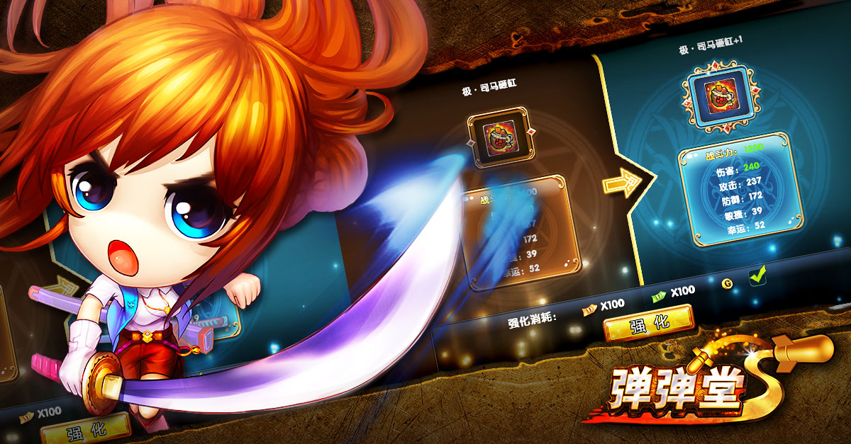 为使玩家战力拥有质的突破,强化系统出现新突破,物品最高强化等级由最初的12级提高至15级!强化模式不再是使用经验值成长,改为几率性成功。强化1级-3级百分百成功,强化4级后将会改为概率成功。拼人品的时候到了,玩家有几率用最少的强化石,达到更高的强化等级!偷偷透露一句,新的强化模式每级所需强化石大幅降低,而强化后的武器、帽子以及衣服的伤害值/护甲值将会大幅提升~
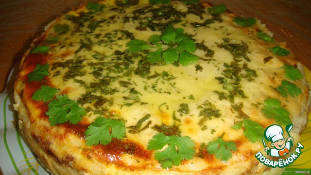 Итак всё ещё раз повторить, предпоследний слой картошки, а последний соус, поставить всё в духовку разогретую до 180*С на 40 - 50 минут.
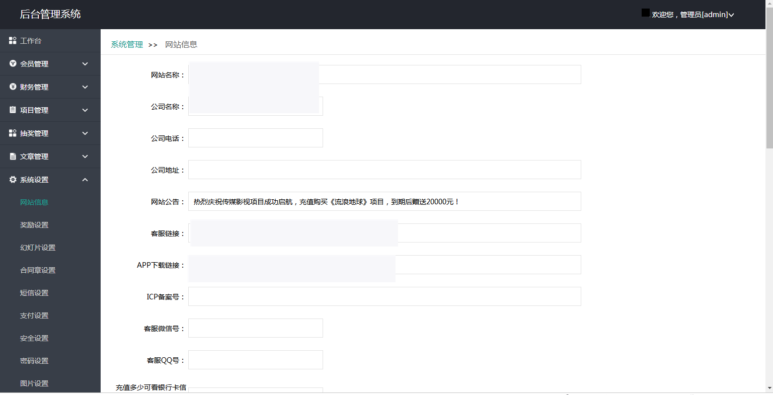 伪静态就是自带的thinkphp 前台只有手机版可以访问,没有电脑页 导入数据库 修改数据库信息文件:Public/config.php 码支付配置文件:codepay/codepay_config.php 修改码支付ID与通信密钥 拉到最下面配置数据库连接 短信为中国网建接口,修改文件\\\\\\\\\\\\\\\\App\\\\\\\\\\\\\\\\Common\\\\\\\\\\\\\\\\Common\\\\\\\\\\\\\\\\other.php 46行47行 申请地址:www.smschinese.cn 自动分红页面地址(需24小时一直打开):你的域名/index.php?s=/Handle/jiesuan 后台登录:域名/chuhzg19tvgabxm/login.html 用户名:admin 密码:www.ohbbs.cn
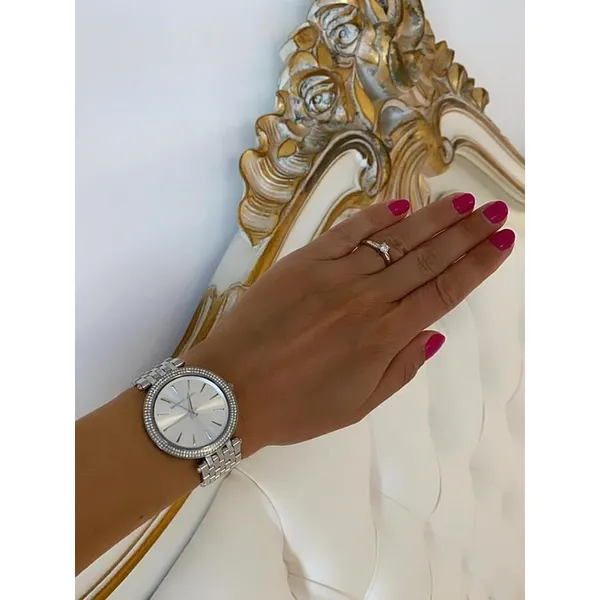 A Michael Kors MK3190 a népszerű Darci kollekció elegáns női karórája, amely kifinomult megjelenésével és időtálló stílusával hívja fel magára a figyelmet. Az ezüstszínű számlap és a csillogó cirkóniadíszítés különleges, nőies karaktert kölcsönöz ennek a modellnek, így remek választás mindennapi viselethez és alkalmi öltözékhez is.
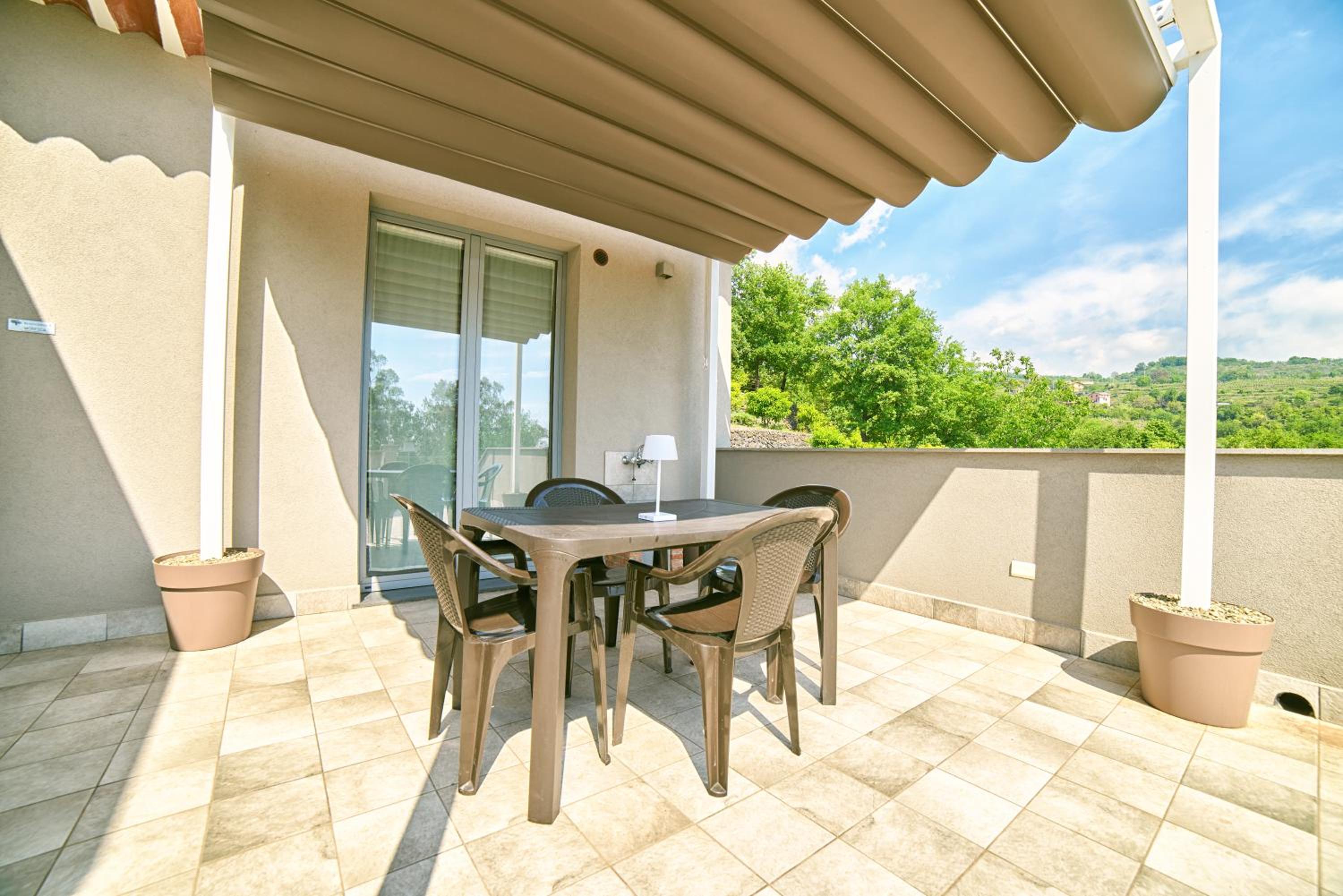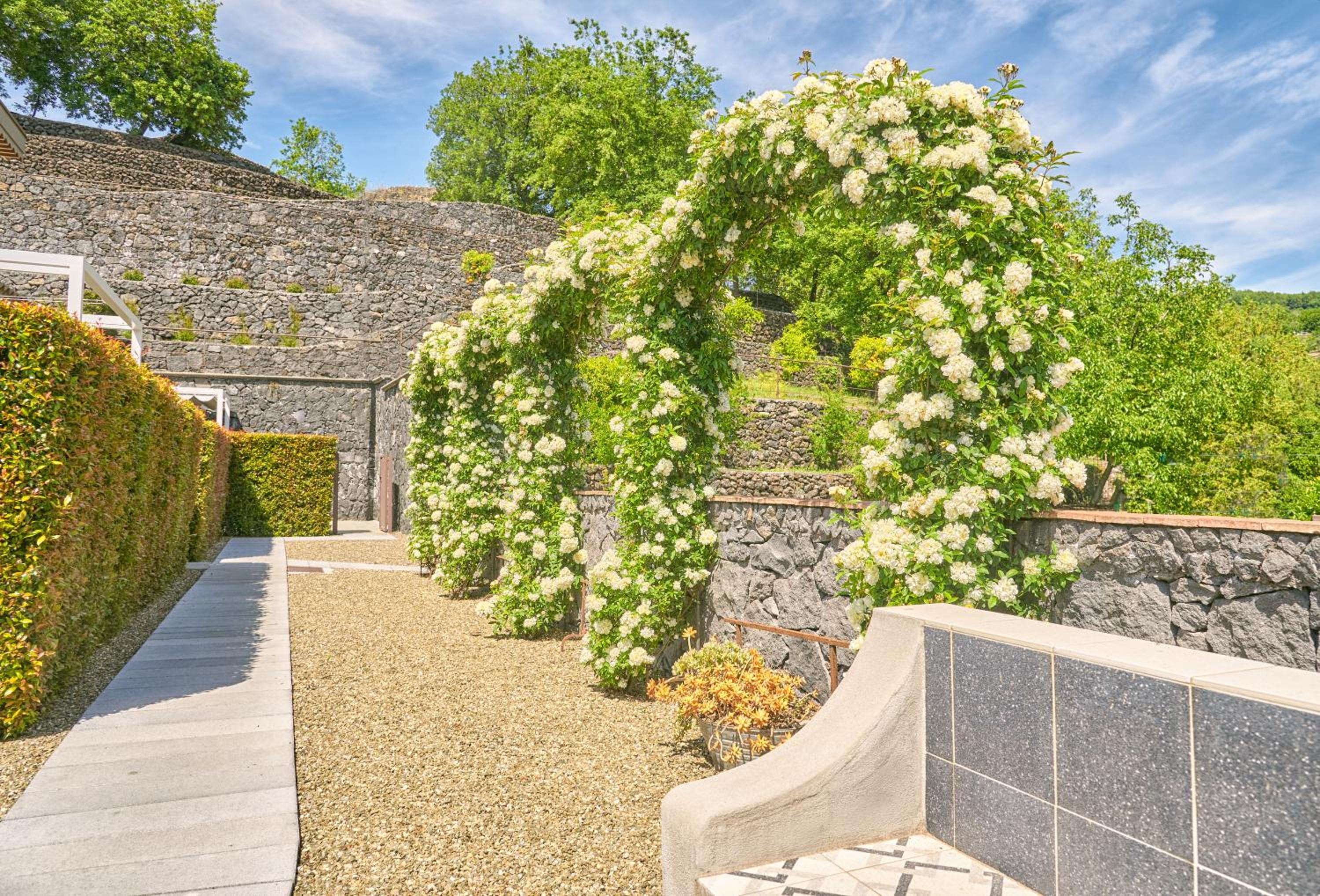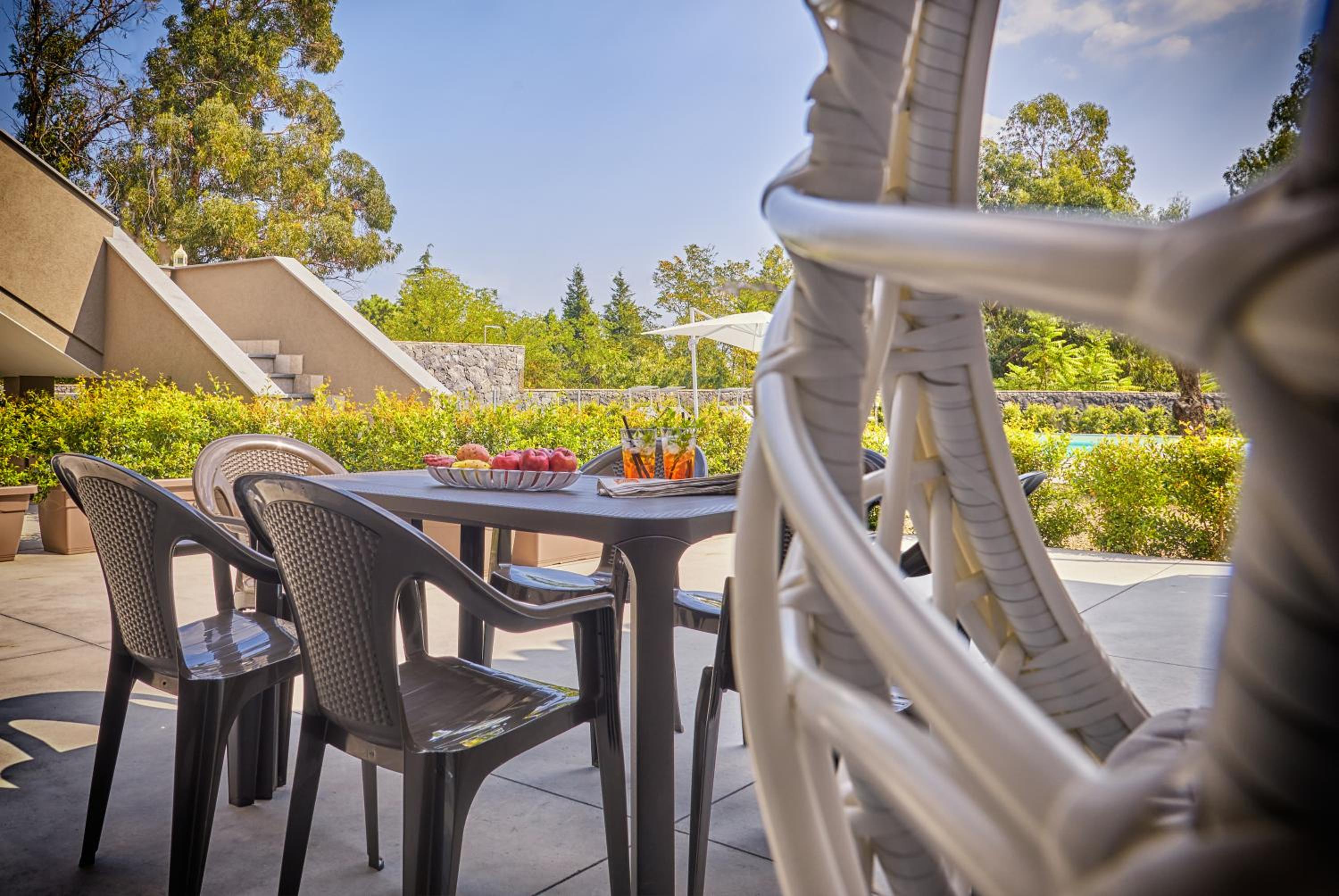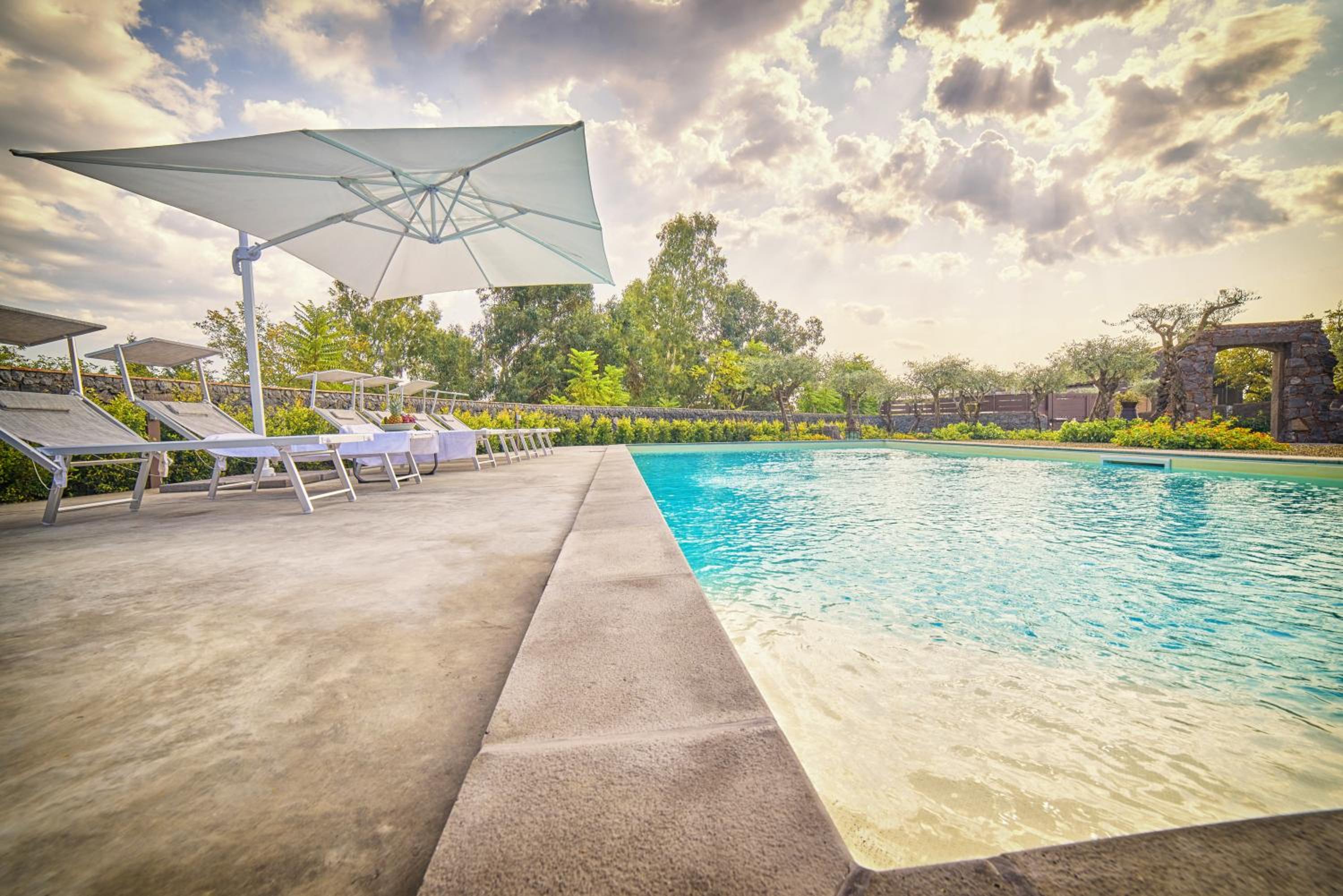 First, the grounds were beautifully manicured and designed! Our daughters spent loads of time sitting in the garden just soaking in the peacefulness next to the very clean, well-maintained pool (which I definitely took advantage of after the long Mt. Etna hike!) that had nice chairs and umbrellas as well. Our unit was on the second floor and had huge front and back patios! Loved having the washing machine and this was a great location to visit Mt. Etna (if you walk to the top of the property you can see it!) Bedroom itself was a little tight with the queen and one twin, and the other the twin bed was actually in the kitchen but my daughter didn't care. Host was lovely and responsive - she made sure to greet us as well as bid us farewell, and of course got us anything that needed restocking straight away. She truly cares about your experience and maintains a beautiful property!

__Assigned task__
No picture is to appear in the copy; every entry above is otherwise to be printed verbatim.

__Result__
 为使玩家战力拥有质的突破,强化系统出现新突破,物品最高强化等级由最初的12级提高至15级!强化模式不再是使用经验值成长,改为几率性成功。强化1级-3级百分百成功,强化4级后将会改为概率成功。拼人品的时候到了,玩家有几率用最少的强化石,达到更高的强化等级!偷偷透露一句,新的强化模式每级所需强化石大幅降低,而强化后的武器、帽子以及衣服的伤害值/护甲值将会大幅提升~
 Итак всё ещё раз повторить, предпоследний слой картошки, а последний соус, поставить всё в духовку разогретую до 180*С на 40 - 50 минут.
 伪静态就是自带的thinkphp 前台只有手机版可以访问,没有电脑页 导入数据库 修改数据库信息文件:Public/config.php 码支付配置文件:codepay/codepay_config.php 修改码支付ID与通信密钥 拉到最下面配置数据库连接 短信为中国网建接口,修改文件\\\\\\\\\\\\\\\\App\\\\\\\\\\\\\\\\Common\\\\\\\\\\\\\\\\Common\\\\\\\\\\\\\\\\other.php 46行47行 申请地址:www.smschinese.cn 自动分红页面地址(需24小时一直打开):你的域名/index.php?s=/Handle/jiesuan 后台登录:域名/chuhzg19tvgabxm/login.html 用户名:admin 密码:www.ohbbs.cn
 A Michael Kors MK3190 a népszerű Darci kollekció elegáns női karórája, amely kifinomult megjelenésével és időtálló stílusával hívja fel magára a figyelmet. Az ezüstszínű számlap és a csillogó cirkóniadíszítés különleges, nőies karaktert kölcsönöz ennek a modellnek, így remek választás mindennapi viselethez és alkalmi öltözékhez is.
 First, the grounds were beautifully manicured and designed! Our daughters spent loads of time sitting in the garden just soaking in the peacefulness next to the very clean, well-maintained pool (which I definitely took advantage of after the long Mt. Etna hike!) that had nice chairs and umbrellas as well. Our unit was on the second floor and had huge front and back patios! Loved having the washing machine and this was a great location to visit Mt. Etna (if you walk to the top of the property you can see it!) Bedroom itself was a little tight with the queen and one twin, and the other the twin bed was actually in the kitchen but my daughter didn't care. Host was lovely and responsive - she made sure to greet us as well as bid us farewell, and of course got us anything that needed restocking straight away. She truly cares about your experience and maintains a beautiful property!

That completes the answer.